LOS ANGELES — BMW North America LLC’s ReachNow mobility services program will be available in its third city — Brooklyn, N.Y. — in early December, the company announced Tuesday. The program will eventually expand offerings beyond the original carshare service, in all of its markets, into four capabilities: an on-demand rideshare service, car rentals as long as five days, the company’s original short-term fleet rental service, and a residential shared-ownership model.
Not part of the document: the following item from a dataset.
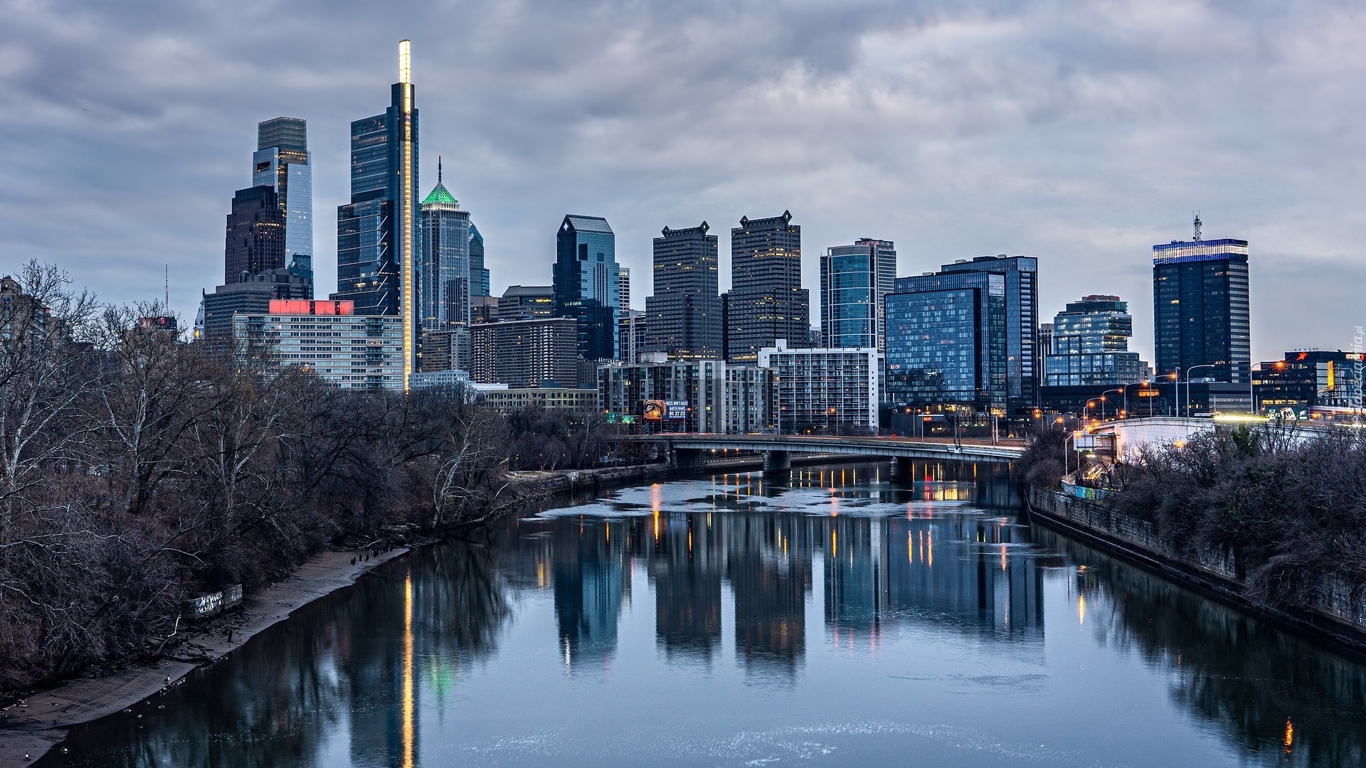 Edytor tapety: Rzeka Schuylkill i drapacze chmur w Filadelfii

The last two features will be available on the East Coast by year-end.
“It’s an extension of the carshare programs for those that live in those urban dwellings,” ReachNow Chief Executive Steve Banfield told Auto Finance News. “We’ll come pick up the car, and we’ll leverage that as part of the fleet. We’re making use of it, and you’re going to be earning value.”
The fleet program is framed as an added amenity for residents, but can also benefit the buildings’ owners as well, according to Banfield.
“In those urban centers, they’re having to come up with transportation and parking mitigation plans, because cities are saying, ‘you want to build a 500-room apartment building, how many cars is that going to be and where are they going to go?’” he said. “It allows the building owner to encourage the actual end users that ‘hey, you don’t need to own a car, you don’t need to park a car, you can take mass transit or you can use other services, but when you do need a car, you can reserve ahead of time.”
The program costs $0.41 per minute to drive, and there’s currently no registration fee. (That’s $24.60 an hour.)
“We do not offer a subscription program. I don’t want customers, I want members, and by member I don’t mean you join a gym and pay a monthly membership,” Banfield said. “Right now we’re waiving the signup fee. A customer does something and it’s transactional, but I want to earn someone’s business every day. It’s running a service, I don’t want a onetime transaction.”
BMW is thinking beyond traditional two- to three-year leasing models, he added, but it’s not intended as a replacement for full-time ownership. “If we can give consumers another alternative, and say, ‘You can own a car, but you don’t have to use it every day, and when you’re not using it, you can make money off of it’ — I think that’s an exciting opportunity.”